16 May, 2015
The Indian Prime Minister Mr Narendra Modi is in China this week for an official visit. He no doubt will see just how far ahead China is of India on just about every aspect of development. Anyone who travels through the world’s most populous country cannot but be impressed by the smooth highways, well-functioning airports and high-speed railways. The “development” that Mr Modi claims to have achieved in his home state of Gujarat pales in comparison to the quality and quantity of development right across China.
The travel industry soon will be able to verify the comparisons for itself when the PATA Travel Mart is held in Bengaluru this September. For the first time, two of PATA’s signature events are being held in China and India in the same year. This past April, PATA executives convened their annual summit in the Chinese city of Leshan. Located in the province of Sichuan, China’s 5th largest province located in the upper Yangtze river, Leshan’s main tourism drawcard is the majestic Giant Buddha, the largest stone-carved Buddha in the world, a UNESCO World Heritage Site. Tourism is one of six pillar industries in the province, along with electronics and IT, hydropower, mechanical metallurgy, pharmaceutical chemicals, and food & beverage.

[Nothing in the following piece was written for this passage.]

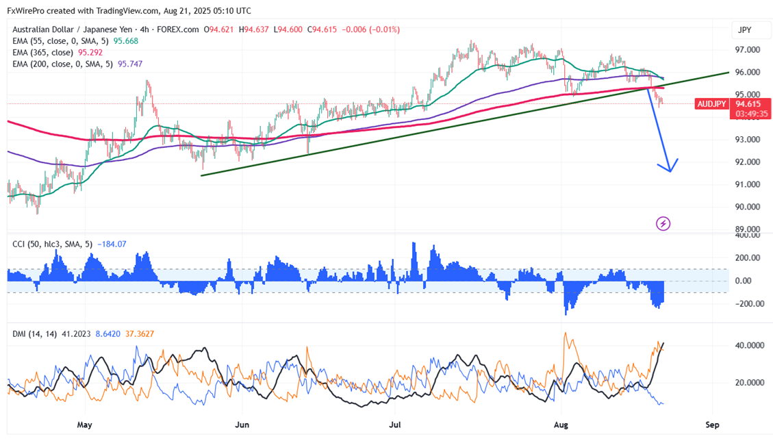 ‘The pair is trading below 55 and 200 EMA and 365 EMA (long-term) on the 4-hour chart, confirming a bearish trend. Any violation below 94.40 indicates the intraday trend is weak. A dip to 93.95/93 is possible. Immediate resistance is at 95.35. A breach above this level targets 95.80/96.20/96.50/96.85/97.20/97.64/98.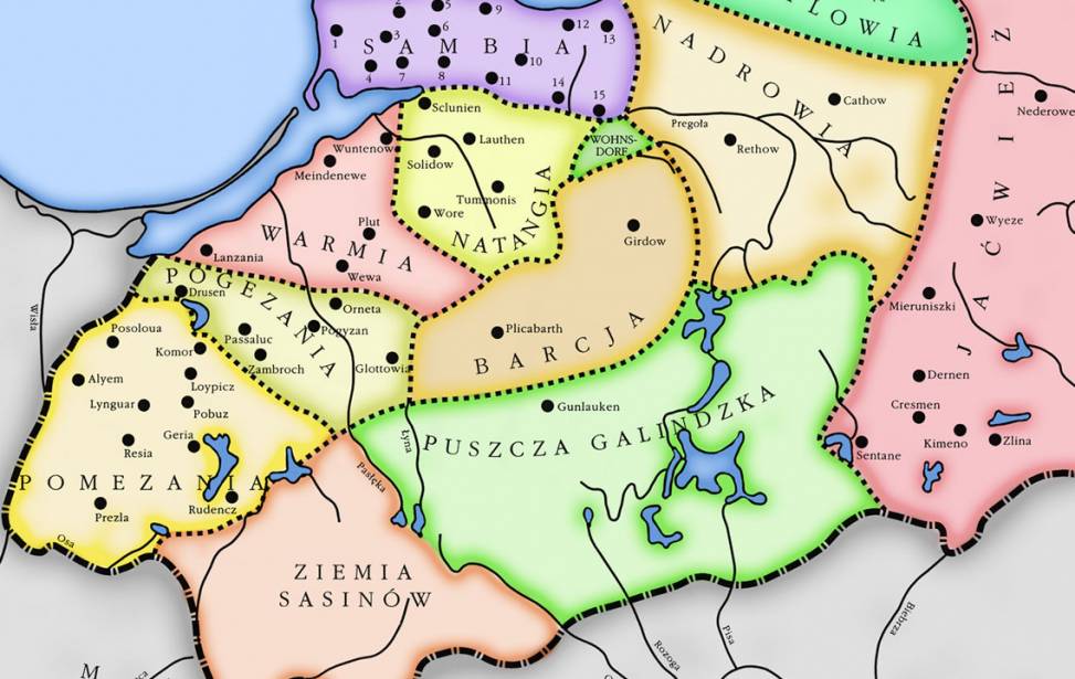 Podział plemion pruskich w XIII w., wg. M. Toeppena, Historia Mazur. Przyczynek do dziejów krainy i kultury pruskiej, Olsztyn 1995, Encyklopedia Warmii i Mazur

The Leshan summit was one of the best travel events I have ever attended, an absolute delight from entry to exit. Two weeks before the Summit, I received an email from a “volunteer”, telling me that her job would be to assist me during my stay. About 100 such volunteers, mainly English-major students at local universities, had been appointed to accompany nearly all the foreign delegates. They greeted us upon arrival and diligently (sometimes a little over-diligently) helped us through many a language problem all the way through. They gave us directions, reminded us of event timings and tours, helped with any special requests, and made sure the entire experience was as hassle-free as possible.
The main hotel, Hong Zhu Shan, is a delightful eco-resort set in the midst of a thick forest. The rooms are spread out across eight buildings. I stayed in furthest one, about 15 minutes walk from the main building, because the rate was the lowest. On the website map, a 15-minute walk looked like a real pain. It turned out to be heavenly. Walking back and forth every morning and evening under the rich canopy of greenery was exhilarating. I could either commute by the main road or take one of the walking trails. A sign at the start of the trail invitingly referred to it as the walk as “forest yoga” — a combination of exercise and good breathing can do wonders. Because I was carrying my laptop and other paraphernalia, I had to stick to the main road. After dark, even that came alive with lights decorating the shrubs, bushes and trees on both sides. My room, too, had a ceiling-to-floor glass wall directly overlooking the forest. A small window with netting could be opened on the side to let in the fresh air.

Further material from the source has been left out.